● **Your goal**
Nothing but the lines below from the one holding "黑龙江省哈尔滨师范大学附属中学、大庆铁人中学2025届下学期期末联考英语答案" up to and including the one holding "Fits openings 28-45" should be copied, exactly and without pictures.

● **Supplied data**
──────────────────────────────

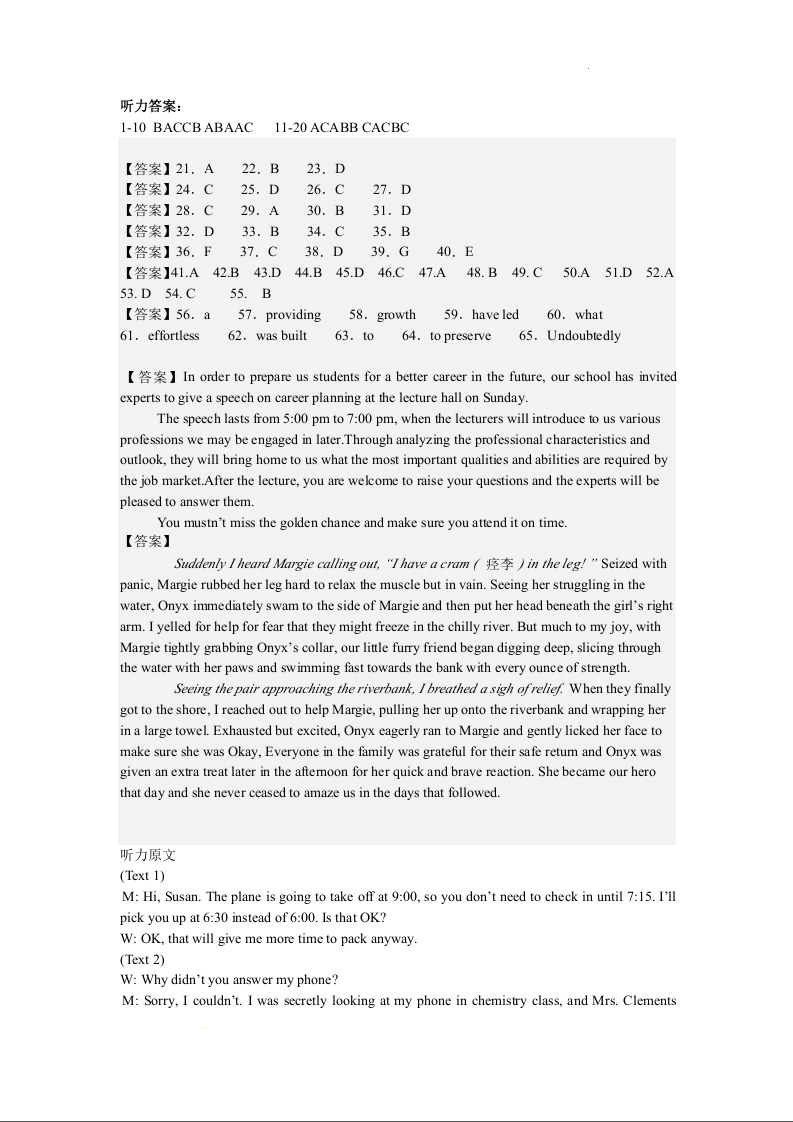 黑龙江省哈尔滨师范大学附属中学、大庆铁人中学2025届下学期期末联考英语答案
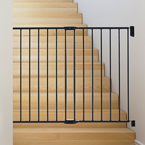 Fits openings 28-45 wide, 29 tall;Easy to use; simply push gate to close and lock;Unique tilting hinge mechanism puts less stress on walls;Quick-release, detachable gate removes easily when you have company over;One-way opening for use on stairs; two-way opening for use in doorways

──────────────────────────────

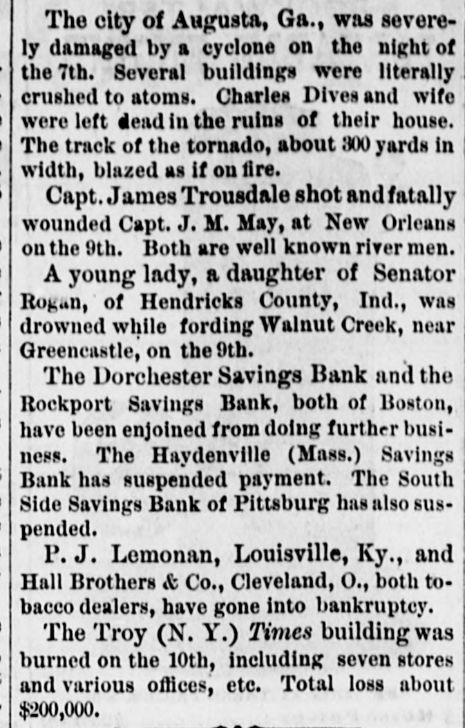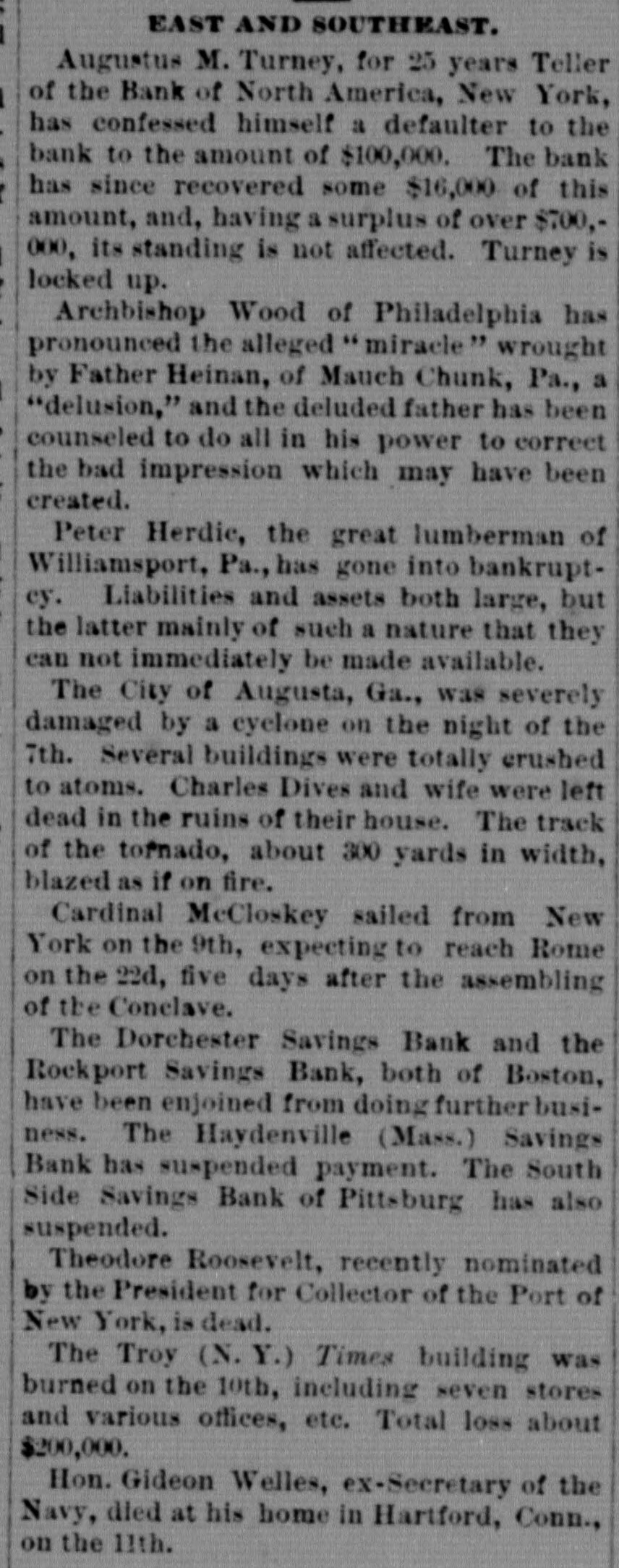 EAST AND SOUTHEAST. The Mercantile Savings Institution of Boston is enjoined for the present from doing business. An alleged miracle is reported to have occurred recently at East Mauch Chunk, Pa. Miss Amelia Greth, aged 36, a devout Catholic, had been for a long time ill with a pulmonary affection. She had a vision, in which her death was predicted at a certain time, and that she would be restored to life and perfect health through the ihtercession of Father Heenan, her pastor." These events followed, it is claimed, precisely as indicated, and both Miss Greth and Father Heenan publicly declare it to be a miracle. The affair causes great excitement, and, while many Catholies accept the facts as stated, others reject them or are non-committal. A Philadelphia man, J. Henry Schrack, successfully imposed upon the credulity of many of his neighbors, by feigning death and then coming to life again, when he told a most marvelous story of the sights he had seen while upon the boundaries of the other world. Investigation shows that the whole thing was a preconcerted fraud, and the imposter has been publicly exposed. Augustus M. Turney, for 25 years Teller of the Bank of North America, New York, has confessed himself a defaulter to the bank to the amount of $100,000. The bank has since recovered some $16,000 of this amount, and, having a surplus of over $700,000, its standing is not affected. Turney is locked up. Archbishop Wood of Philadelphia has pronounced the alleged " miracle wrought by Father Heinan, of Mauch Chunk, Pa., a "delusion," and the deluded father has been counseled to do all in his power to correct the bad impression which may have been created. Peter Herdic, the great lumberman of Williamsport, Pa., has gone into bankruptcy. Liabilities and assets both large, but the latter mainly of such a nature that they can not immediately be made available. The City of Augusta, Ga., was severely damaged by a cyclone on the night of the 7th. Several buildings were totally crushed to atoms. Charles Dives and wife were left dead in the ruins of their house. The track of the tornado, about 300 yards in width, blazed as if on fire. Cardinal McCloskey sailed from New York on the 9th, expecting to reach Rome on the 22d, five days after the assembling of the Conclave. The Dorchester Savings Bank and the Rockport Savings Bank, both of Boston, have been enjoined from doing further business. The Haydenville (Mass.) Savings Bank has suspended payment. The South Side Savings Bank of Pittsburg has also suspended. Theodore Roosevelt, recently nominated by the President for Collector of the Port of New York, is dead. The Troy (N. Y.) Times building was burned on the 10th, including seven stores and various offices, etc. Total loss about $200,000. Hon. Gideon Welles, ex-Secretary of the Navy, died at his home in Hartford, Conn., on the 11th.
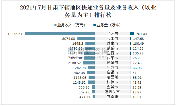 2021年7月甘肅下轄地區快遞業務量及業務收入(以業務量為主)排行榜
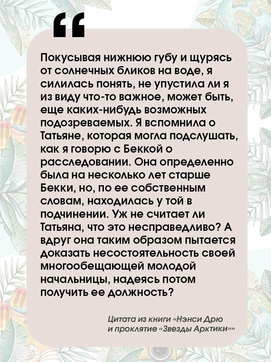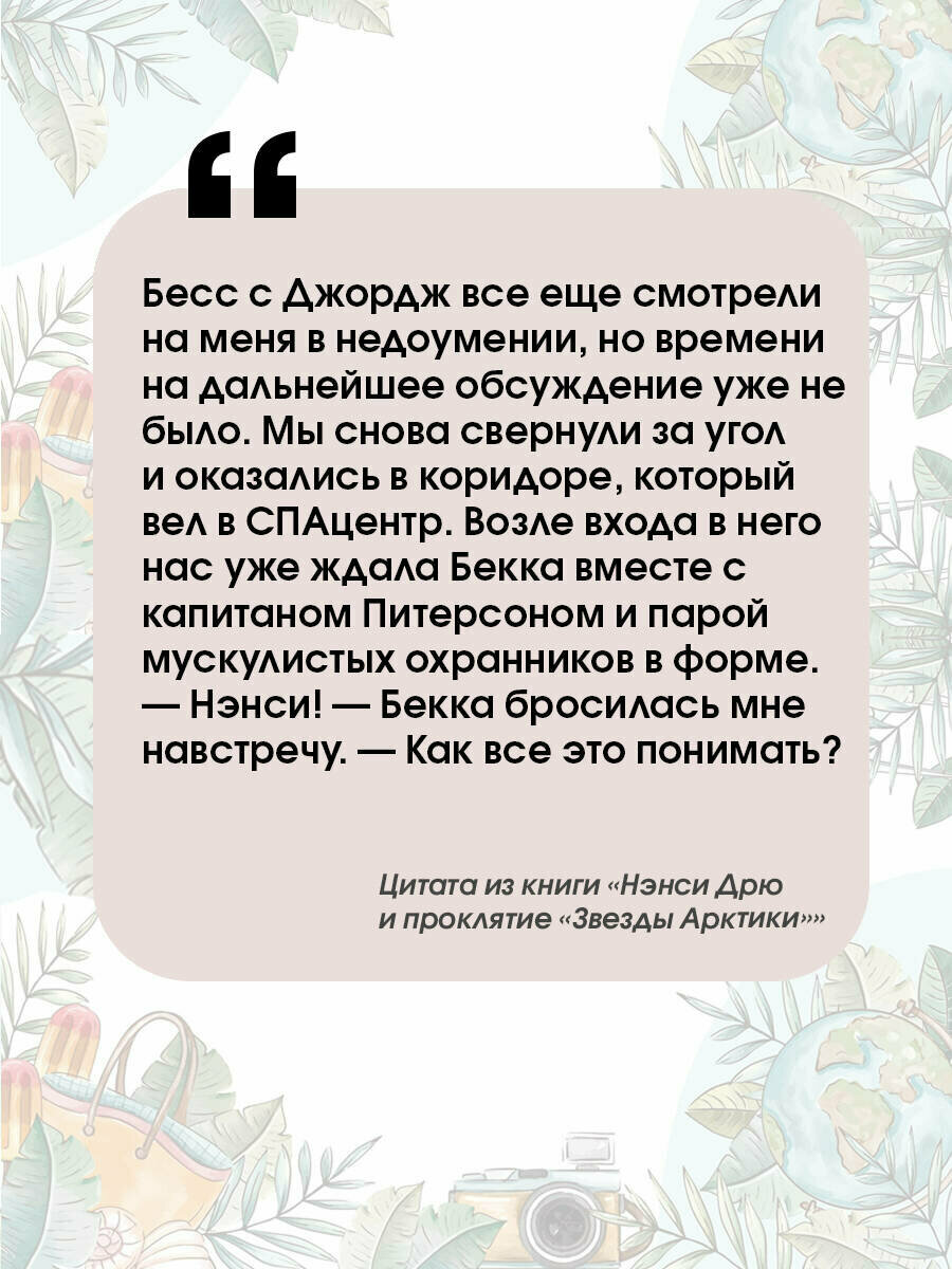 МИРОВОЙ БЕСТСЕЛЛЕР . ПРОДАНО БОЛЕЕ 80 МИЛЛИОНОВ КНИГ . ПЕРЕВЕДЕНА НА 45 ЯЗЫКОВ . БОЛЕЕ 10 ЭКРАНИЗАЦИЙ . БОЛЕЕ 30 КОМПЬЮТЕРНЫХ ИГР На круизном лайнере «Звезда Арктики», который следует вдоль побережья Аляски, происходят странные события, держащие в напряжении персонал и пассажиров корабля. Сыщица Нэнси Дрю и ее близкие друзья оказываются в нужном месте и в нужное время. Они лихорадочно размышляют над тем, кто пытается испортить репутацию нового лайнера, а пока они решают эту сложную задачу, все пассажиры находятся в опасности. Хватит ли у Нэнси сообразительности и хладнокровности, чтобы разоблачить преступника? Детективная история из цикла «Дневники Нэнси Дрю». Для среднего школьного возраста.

──────────────────────────────

● **Written solution**
 黑龙江省哈尔滨师范大学附属中学、大庆铁人中学2025届下学期期末联考英语答案
 Fits openings 28-45 wide, 29 tall;Easy to use; simply push gate to close and lock;Unique tilting hinge mechanism puts less stress on walls;Quick-release, detachable gate removes easily when you have company over;One-way opening for use on stairs; two-way opening for use in doorways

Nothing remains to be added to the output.